McIlroy 'not bothered' by delay

Rain at Valhalla caused a postponement, although that did not concern Rory McIlroy (AP)

The chasing pack provided company for Rory McIlroy at the leaderboard's summit (AP)

First published in National Sport News © by

Rory McIlroy shrugged off a rain delay of almost two hours which raised the prospect of a Monday finish in the US PGA Championship at Valhalla.

With the course already saturated, a torrential downpour saw play suspended at 12:53pm local time, more than two hours before the final pair had been scheduled to tee off.

Play was eventually able to resume at 2:44pm with McIlroy and Austria's Bernd Wiesberger now due to start at 4:19pm, meaning they faced a race against time to finish before darkness descended in Louisville.

McIlroy will start the round one shot clear of Wiesberger.

If necessary, there would be a three-hole aggregate score play-off on the 13th, 17th and 18th holes.

"I will hang around until next week to try to win this thing. It doesn't bother me in the slightest," McIlroy insisted before being forced to change the passcode on his phone after it was clearly shown on TV as he waited in the clubhouse.

"Passcode changed... Now time to play some golf!" the world number one wrote on Twitter.

With rain having been forecast, it raised questions as to why tee times had not been brought forward or play started from two tees.

The Open Championship employed a two-tee start for the first time in its history last month due to the significant risk of thunderstorms at Royal Liverpool during Saturday's third round.

Play got under way at 9am from both the first and 10th tee, with the field split into groups of three rather than two.

It looked to have been an unnecessary precaution when there was no disruption to play and heavy rain which made life difficult for the early starters had stopped as the leaders went out at 11am.

But the rain returned as McIlroy gave his post-round press conference, making it difficult to hear what the 25-year-old said and leaving standing water on some of the greens.

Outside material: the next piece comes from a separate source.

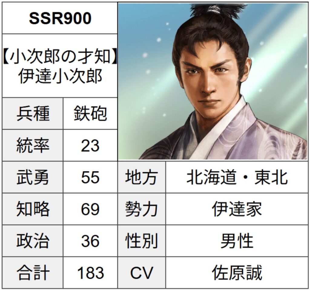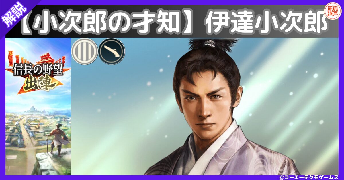 【小次郎の才知】伊達小次郎の戦法や特性・能力・官職(所縁武将)に加えて、運用案および育て方についても解説しております。

Asked if that vindicated the decision, McIlroy laughed and pointed to the media centre roof before adding: "Definitely. I think it's the second best decision the R&A made this year, the first being bringing the Open back to Portrush."

McIlroy was looking to claim his second major in four weeks, and the fourth of his career, which would make him the first player since Padraig Harrington in 2008 to win back-to-back majors.

Lifting the Wanamaker Trophy for the second time would also see the Northern Irishman become the third youngest player after Tiger Woods and Jack Nicklaus to win four majors, just one less than the total won by the late Seve Ballesteros and two behind Nick Faldo.

It is the fourth time McIlroy has held the 54-hole lead in a major, the first leading to heartache in the 2011 Masters when he was four ahead entering the final round at Augusta only to collapse to a closing 80.

Two months later he bounced back in spectacular style to win the US Open by eight shots at Congressional before winning the 2012 US PGA by the same margin at Kiawah Island.

Last month he led from start to finish at Royal Liverpool, taking a six-shot lead into the final round before going on to win by two from Sergio Garcia and Rickie Fowler.

McIlroy began with a par on the first to remain one ahead of Wiesberger but the challengers were mounting behind as the players took advantage of the receptive greens.

Ernie Els had raced to the turn in 30 with four birdies in a row from the third and another on the ninth, the South African moving to 10 under par as a result and giving him a chance to record the first ever sub-63 score in a major championship.

Playing partners Henrik Stenson and Mikko Ilonen had both birdied the first and third to move to 11 under alongside Phil Mickelson, who had holed from 30 feet on the first.

Els remained on track with his sixth birdie of the day on the 11th but McIlroy made his first mistake on the third, three-putting from long range on the par-three.

That dropped him back into a tie for the lead with Wiesberger and Mickelson, who had birdied the third from 10 feet, and birdies from Fowler and Stenson soon made it a five-way tie on 12 under.